Medicaid managed care and children: an overview
- PMID: 9782652
Medicaid managed care and children: an overview
Abstract
In recent years, states have increasingly turned to managed care arrangements for financing and delivering health services to Medicaid beneficiaries. In 1996, approximately 40% of all Medicaid recipients were enrolled in some form of managed care. The rapid escalation of managed care in this population has been fueled by states' desire to slow the growth of Medicaid expenditures and by the trend toward managed care enrollment in the private health insurance industry. The effect of managed care on cost containment in the Medicaid program may be limited, however, because 85% to 90% of Medicaid managed care enrollees are women of childbearing age and children, who together account for 69% of Medicaid recipients, but only 26% of program costs. Nonetheless, the increase in managed care enrollment in this population may have a profound impact on health service delivery and health outcomes for U.S. children, approximately 20% of whom received health benefits through the Medicaid program in 1995. In the future, the proportion of Medicaid-eligible children enrolled in managed care will likely increase as a result of recent legislation that relaxed the requirement that states seek federal approval prior to mandating managed care enrollment for Medicaid beneficiaries. More states are relying on fully capitated arrangements as the preferred type of managed care for Medicaid recipients, despite the relative lack of experience many of these plans have in serving this low-income population.

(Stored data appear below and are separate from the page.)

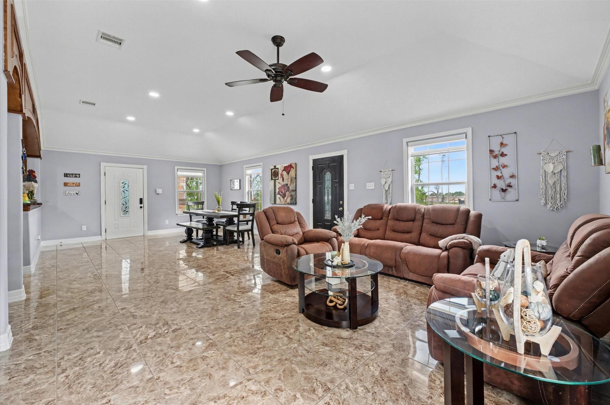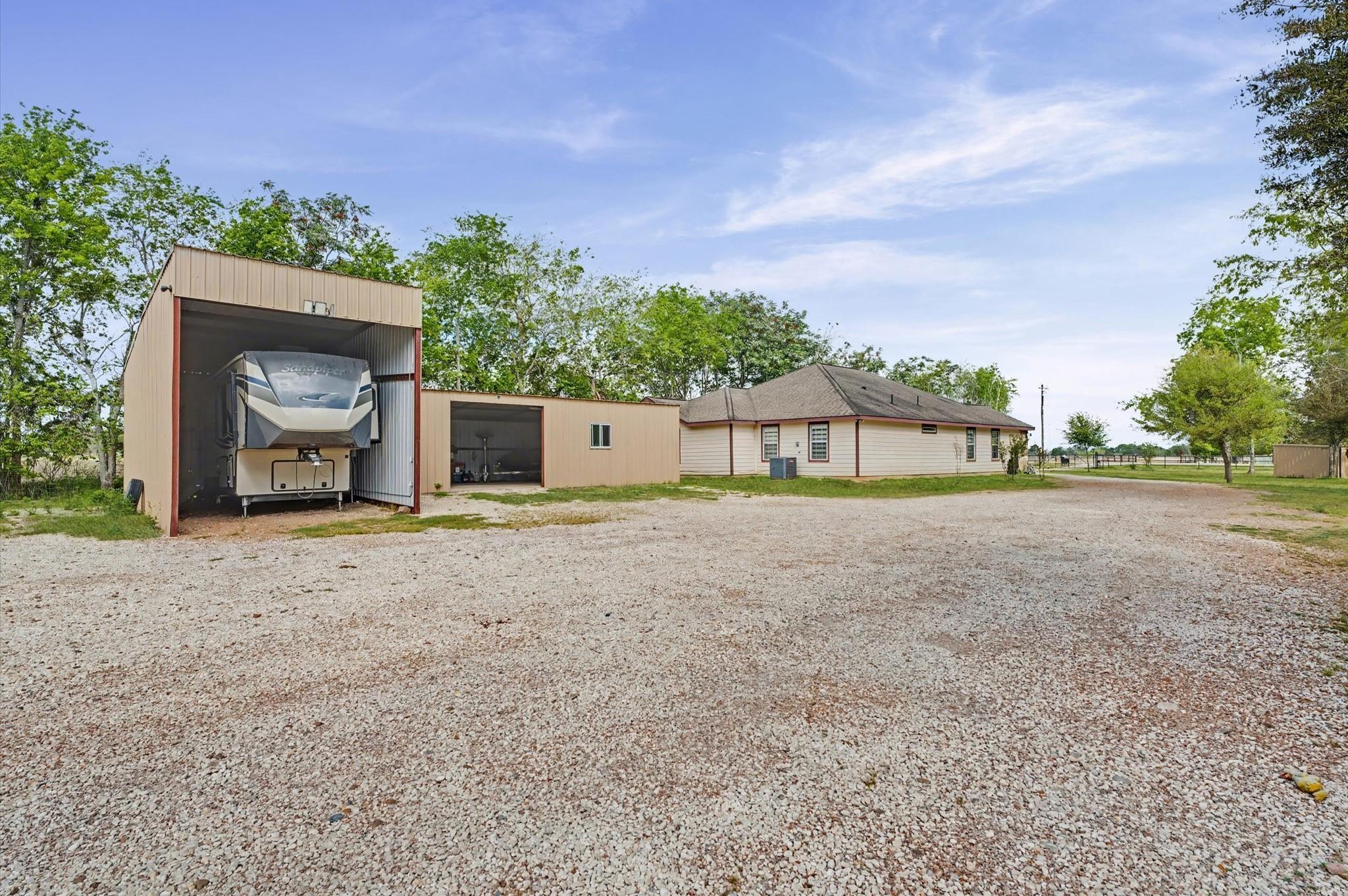 Amazing country home situated on 1.5 unrestricted acres offers elegance and spacious comfortable living. 4 bedrooms, 2 full bathrooms, an office, laundry room, huge kitchen with an open concept to the living room. Master bedroom gives you all the space you need with a walking closet and a large walk-in shower. The outside kitchen and patio are great for hosting family and friends. There is a 1200 SQFT workshop with an electric and water setup for a potential apartment or bathroom. Whole house water filtration system. There is a 675 SQFT of enclosed Barn ideal for RV parking. Enjoy country living in Waller County. Do not miss this opportunity.
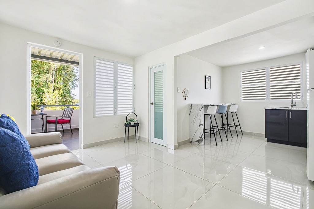 Casita Oliva, located on a Second Floor, has 2 bedrooms (FULL Beds), 2 bathrooms, 3 A/C units, Wi-Fi, 65-inch TV, Full Kitchen, Dining Room, Living Room, Laundry Room, Outdoor Terrace and a Workspace. The apartment is located: 11 mins to the SJU Airport 6 mins to The Mall Of San Juan 15 mins to La Placita de Santurce 17 mins to Ocean Park Beach 12 mins to Piñones Beach 20 mins to Old San Juan 19 mins to Distrito T-Mobile 14 mins to Coliseo Jose Miguel Agrelot 29 mins to El Yunque Rainforest
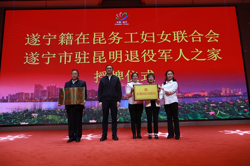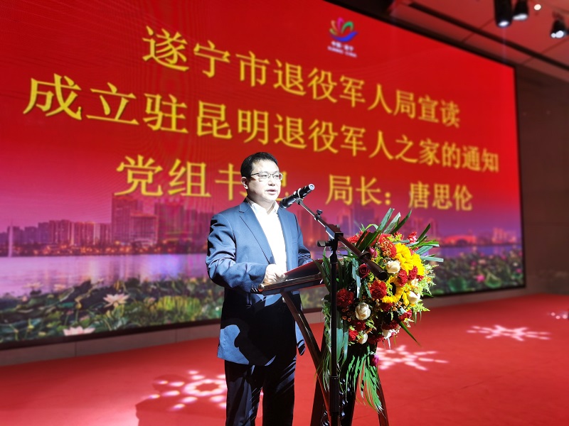1212日,遂宁市驻昆明退役军人之家等组织成立仪式在云南省昆明市举行。副市长张智勇,市政协副主席、市工商联主席曹驰宇出席,市退役军人局党组书记、局长唐思伦,党组成员、市退役军人服务中心主任舒天忠等领导参加成立仪式。
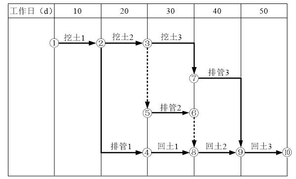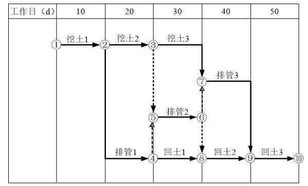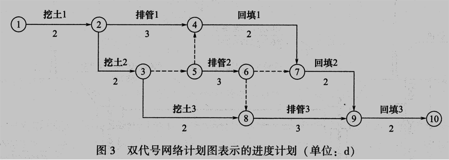 (2)排管1和排管2的施工关系错误,应是排管1→排管2。
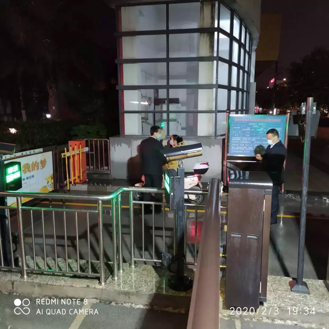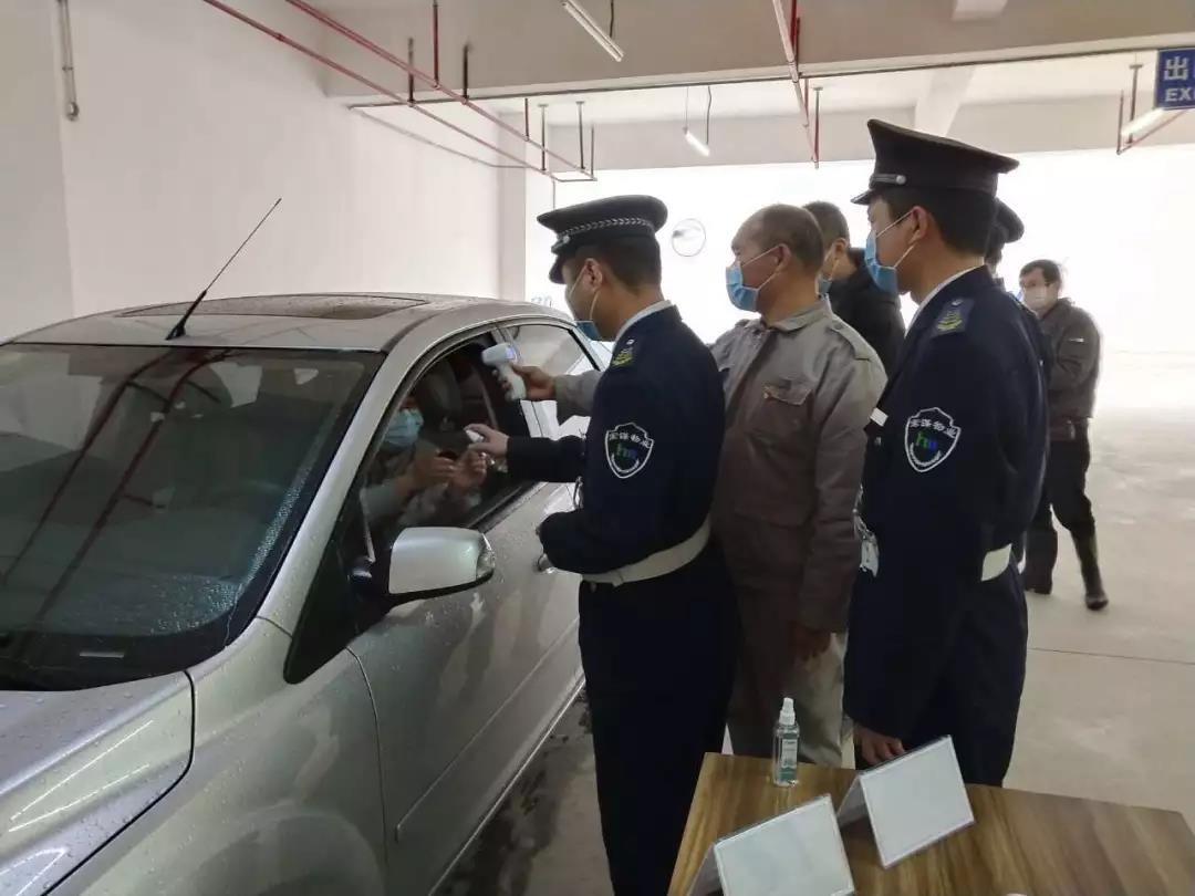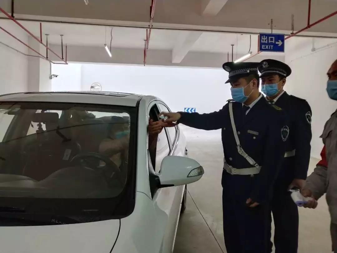 ▲地下停車場也設(shè)立了疫情防控崗,為進入停車場停車人員測體溫、噴灑酒精消毒。
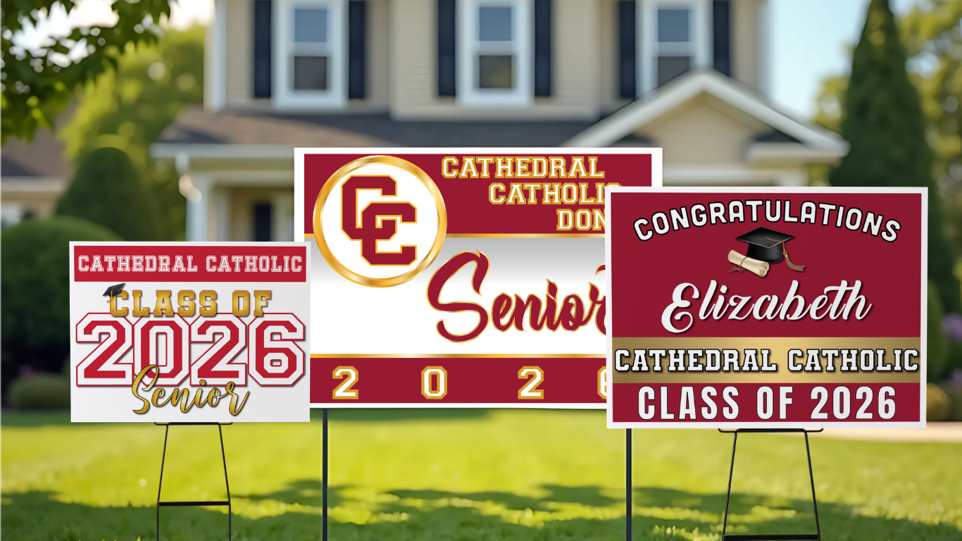 Celebrate your 2026 Cathedral Catholic Graduate with our vibrant yard signs!
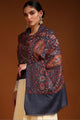 Navy blue and red ethnic motifs embroidered woollen shawl has a printed border

Moreover, managed care organizations have few incentives to enroll chronically or disabled children with higher-than-average expected costs. Without mechanisms in place that adequately adjust capitated rates to account for these higher-cost enrollees, managed care organizations may lose money, and children with the greatest health care needs may be underserved. As mandatory managed care enrollment for Medicaid recipients increases nationwide, states should carefully monitor changes in program costs and quality as well as implications for the delivery of pediatric health services and health outcomes.